Doping can be defined as the occurrence of one or more anti-doping code violations and is usually observed by the presence of a prohibited substance, its metabolites or markers in a biological specimen from an athlete (Sajber et al., 2013). Doping usage in sport is known to be related to negative health-related consequences and even death (Honour, 2016; Mazanov et al., 2012). Additionally, doping corrupts the main essence of sport and fair play and is therefore considered non-ethical behavior (Ljungqvist et al., 2008). As a result, the global fight against doping is highly prioritized in all organized sport societies (Ljungqvist, 2014).
The World Anti-Doping Agency (WADA), a global governing body for anti-doping in sports, has put special efforts into the development and application of differentially targeted approaches in the fight against doping. Generally, two approaches can be recognized in an anti-doping campaign. The first approach includes the development of reliable and applicable measurement tools and protocols that allow the precise identification and consequent penalization of athletes who have resorted to doping (Kiss et al., 2013; Malm et al., 2016). The second approach in global anti-doping efforts is more "preventive" in its nature and includes the identification of the cultural and sport-specific factors that influence doping behavior in each sport society (Fuljan Mandic et al., 2013; Morente-Sanchez et al., 2013; Rodek et al., 2013). The idea is to identify certain precipitating factors of doping behavior in sports and to evaluate the nature of their influence (i.e., risk or protective effects on doping behavior) (Kisaalita and Robinson, 2014).
Several factors have been studied to identify possible associations with doping in sports, including sport-specific factors, socio-demographic variables, socio-cognitive factors (i.e., variables identified throughout the self-determination theory), and motivational variables (Barkoukis et al., 2013; Chan et al., 2015; Kondric et al., 2011; Matosic et al., 2016; Zenic et al., 2010). However, the studies conducted to date suggest that the factors associated with doping behavior (either actual or potential behavior) in one group of athletes (sport, gender, socio-cultural environment) could be differentially associated with doping behavior in other sport-specific groups (Rodek et al., 2013).
The specific influence of precipitating factors on doping behavior in different sports and societies is even more aggravated by the fact that the prevalence of doping is very different in relation to sport, gender, age and athlete (Lentillon-Kaestner and Ohl, 2011). Moreover, the doping intentions of athletes are influenced by distal influences (e.g., self-determination, sportpersonship orientations, and achievement goals), and proximal influences (e.g., situational temptation and perceived behavioral control, descriptive and subjective norms, and attitudes) (Barkoukis et al., 2013; Ntoumanis et al., 2017). Therefore, specific analyses of different sports and socio-cultural environments are needed.
It is widely accepted that characteristic relationships that exist between coaches and athletes should be observed as important determinant of athletes' attitudes toward doping, and the importance of coaches as potential agents in the prevention of doping amongst athletes has been repeatedly emphasized (Backhouse and McKenna, 2012; Barkoukis et al., 2013; Lonsdale et al., 2017). In studies where type of coaching (i.e. style of coaching) was observed as a determinant of athletes' doping-behavior, the authors used the self-determination theory to evidence coaches' personal behavior, and observed the influence of the contextual climate that the coach creates on athletes' motivation and pro-and antisocial behavior, including doping attitudes (Chen et al., 2017; Hodge and Lonsdale, 2011). Indeed, the coaching style (i.e., coaching behavior: autonomy supportive vs. controlling) is an important determinant that can modulate athletes' attitudes (Chen et al., 2017; Hodge et al., 2013). However, behavioral characteristics are partially inherited but are mostly shaped throughout maturation-experience interactions, and each individual (i.e., coach) develops distinct behavioral characteristics as a result of the specific maturational-experimental interactions that influence him/her (Lerner, 2013). Therefore, the possible influence of coaching behavior on athletes' doping tendencies can be used to identify at-risk athletes.

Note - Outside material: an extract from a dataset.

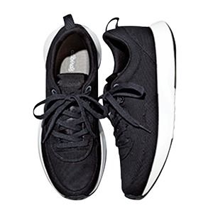 黒スニーカー 16,000円/オールバーズ アッパーはコットンでナチュラルな風合い。ソールまで黒だとちょっと重い、そんなときのアクセントにもなる白のソール。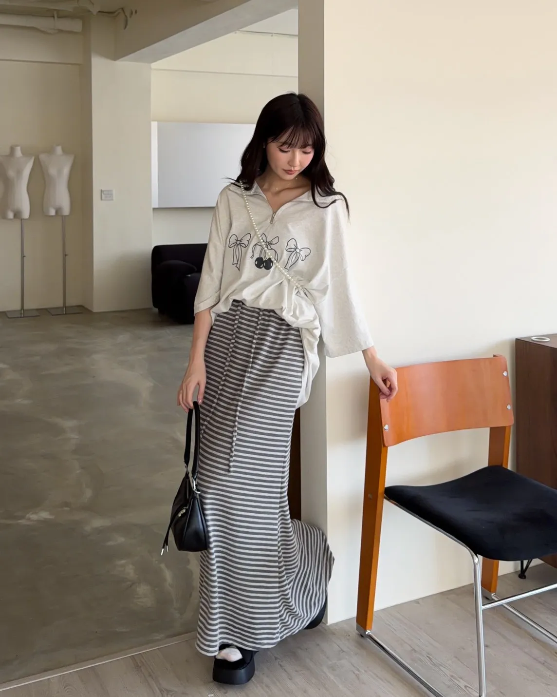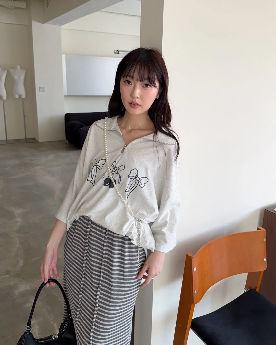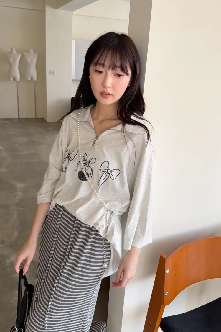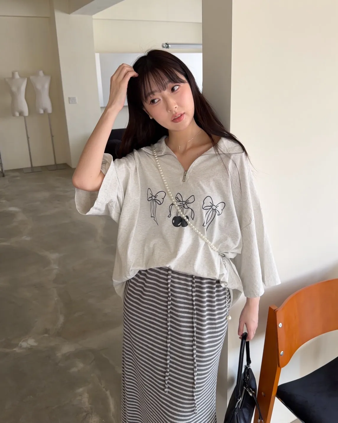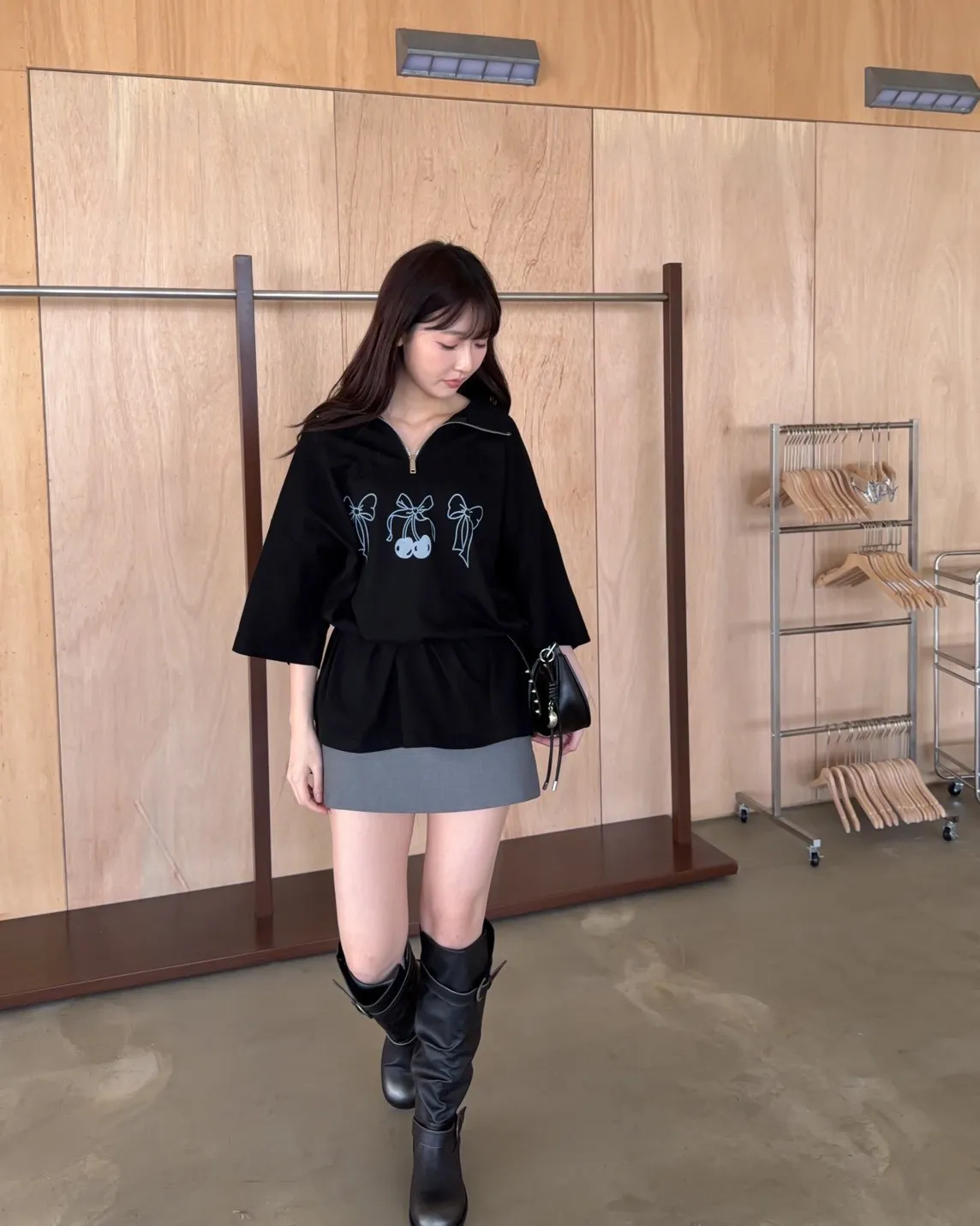 拉鍊領口 可高領/翻領 灰色調 蝴蝶結+櫻桃印花 寬鬆落肩

Meanwhile, coaching strategy and training methodology (CS&TM) have not been studied as factors potentially related to doping behavior in athletes. In short, CS&TM can be defined as a set of methods that coaches use throughout the sport training process to improve the athlete's physiological capacities and sport-specific skills. The CS&TM includes (but is not limited to) the application of different types of training, training regimes and methodological/didactical approaches in sport training. Of particular importance is the fact that the CS&TM is modifiable and adaptable (Bompa and Haff, 2009). Therefore, if some aspects of the CS&TM are identified as being related to athletes' doping susceptibility, it would implicate its applicability in anti-doping efforts, either by detecting those athletes who are at certain risk for doping behavior, or throughout instructing the coaches and informing them that certain type of CS&TM is recognized as a risk factor for PDB in athletes.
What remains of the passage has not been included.